As an exercise, transcribe the data below in full and exactly, omitting pictures.

◇ ◇ ◇ ◇ ◇ ◇ ◇

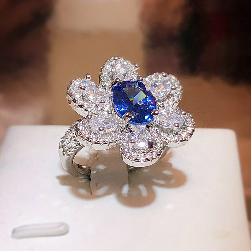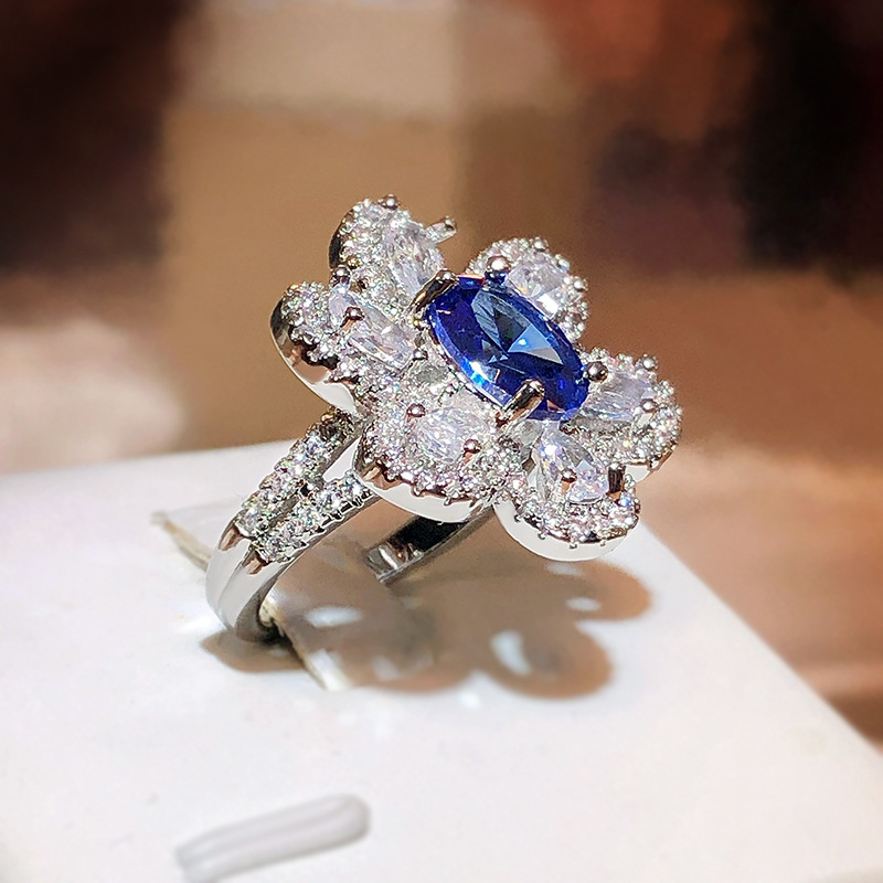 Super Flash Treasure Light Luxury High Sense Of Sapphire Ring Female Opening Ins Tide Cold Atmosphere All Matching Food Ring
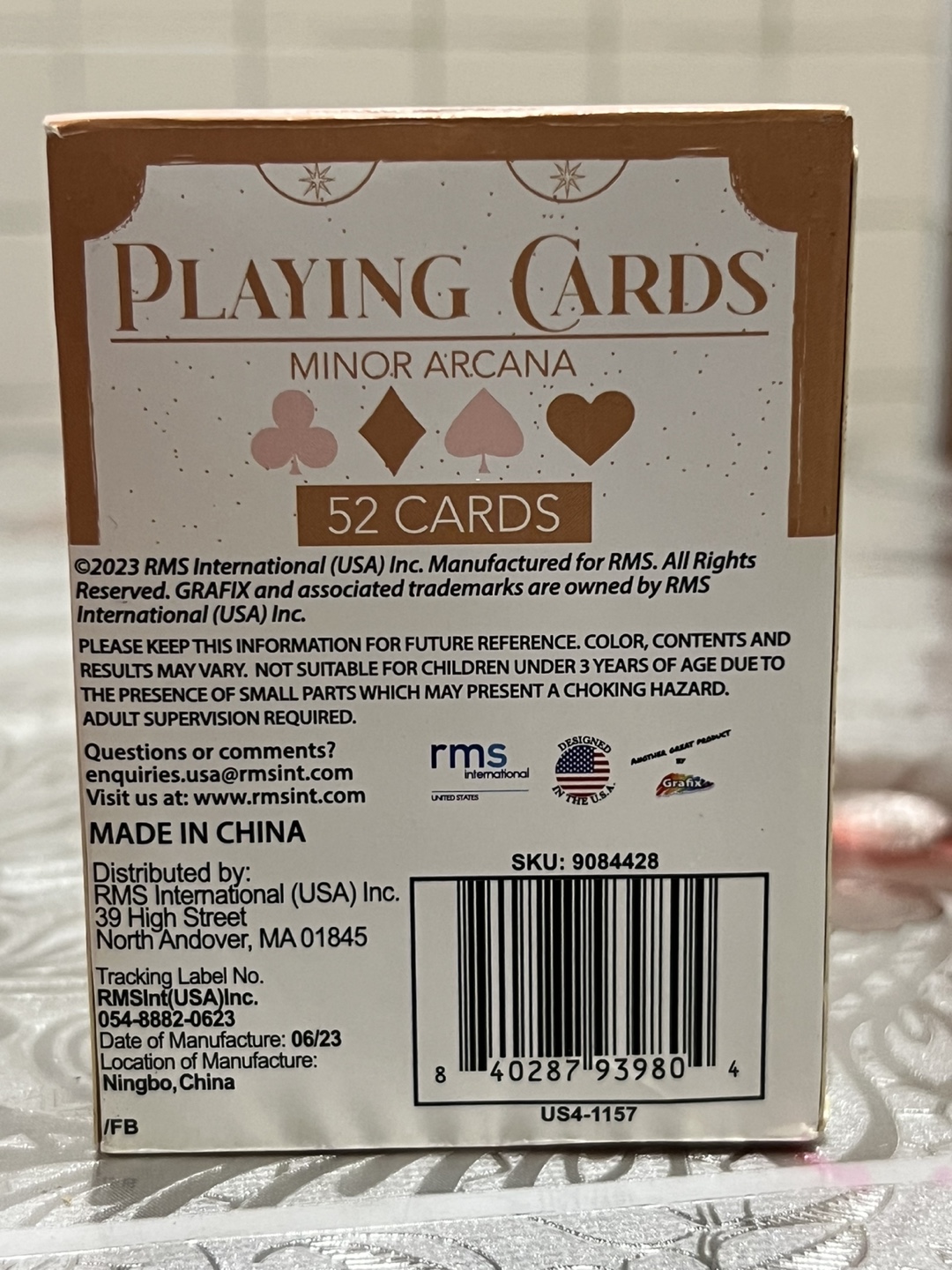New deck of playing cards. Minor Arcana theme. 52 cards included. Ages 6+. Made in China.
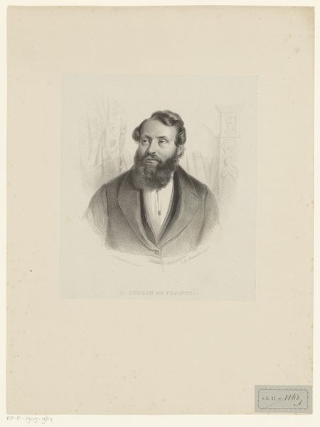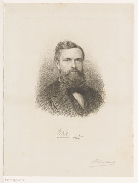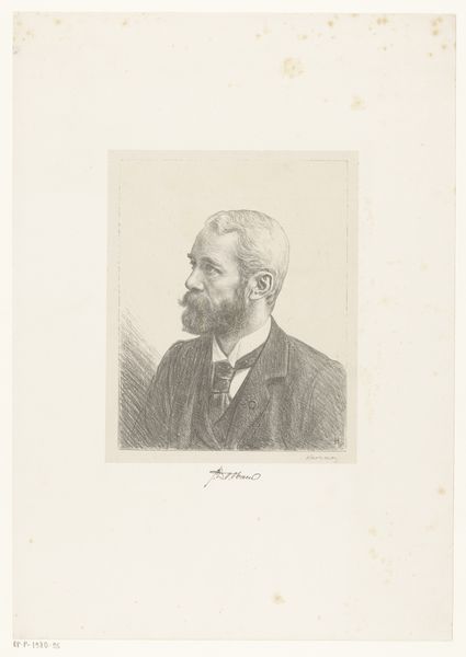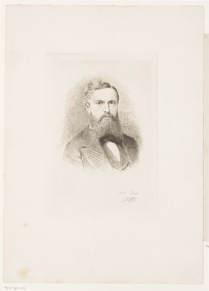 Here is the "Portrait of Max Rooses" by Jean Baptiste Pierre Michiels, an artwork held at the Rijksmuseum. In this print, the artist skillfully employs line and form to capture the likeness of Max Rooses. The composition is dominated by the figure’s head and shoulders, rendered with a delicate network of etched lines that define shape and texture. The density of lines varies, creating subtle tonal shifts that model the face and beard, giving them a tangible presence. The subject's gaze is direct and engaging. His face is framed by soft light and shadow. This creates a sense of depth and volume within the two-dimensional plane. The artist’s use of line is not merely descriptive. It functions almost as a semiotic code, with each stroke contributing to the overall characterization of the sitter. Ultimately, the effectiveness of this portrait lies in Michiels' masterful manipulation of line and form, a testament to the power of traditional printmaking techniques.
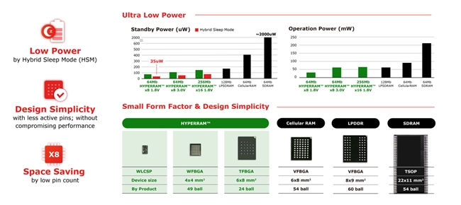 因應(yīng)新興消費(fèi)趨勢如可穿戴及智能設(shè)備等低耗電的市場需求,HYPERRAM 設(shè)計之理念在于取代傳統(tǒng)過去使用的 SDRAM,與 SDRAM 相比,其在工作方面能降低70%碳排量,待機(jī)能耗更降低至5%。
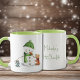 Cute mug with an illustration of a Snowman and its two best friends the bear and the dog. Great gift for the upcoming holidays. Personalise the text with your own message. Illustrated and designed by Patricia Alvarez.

◇ ◇ ◇ ◇ ◇ ◇ ◇

:: Response area ::
 Super Flash Treasure Light Luxury High Sense Of Sapphire Ring Female Opening Ins Tide Cold Atmosphere All Matching Food Ring
New deck of playing cards. Minor Arcana theme. 52 cards included. Ages 6+. Made in China.
 Here is the "Portrait of Max Rooses" by Jean Baptiste Pierre Michiels, an artwork held at the Rijksmuseum. In this print, the artist skillfully employs line and form to capture the likeness of Max Rooses. The composition is dominated by the figure’s head and shoulders, rendered with a delicate network of etched lines that define shape and texture. The density of lines varies, creating subtle tonal shifts that model the face and beard, giving them a tangible presence. The subject's gaze is direct and engaging. His face is framed by soft light and shadow. This creates a sense of depth and volume within the two-dimensional plane. The artist’s use of line is not merely descriptive. It functions almost as a semiotic code, with each stroke contributing to the overall characterization of the sitter. Ultimately, the effectiveness of this portrait lies in Michiels' masterful manipulation of line and form, a testament to the power of traditional printmaking techniques.
 因應(yīng)新興消費(fèi)趨勢如可穿戴及智能設(shè)備等低耗電的市場需求,HYPERRAM 設(shè)計之理念在于取代傳統(tǒng)過去使用的 SDRAM,與 SDRAM 相比,其在工作方面能降低70%碳排量,待機(jī)能耗更降低至5%。
 Cute mug with an illustration of a Snowman and its two best friends the bear and the dog. Great gift for the upcoming holidays. Personalise the text with your own message. Illustrated and designed by Patricia Alvarez.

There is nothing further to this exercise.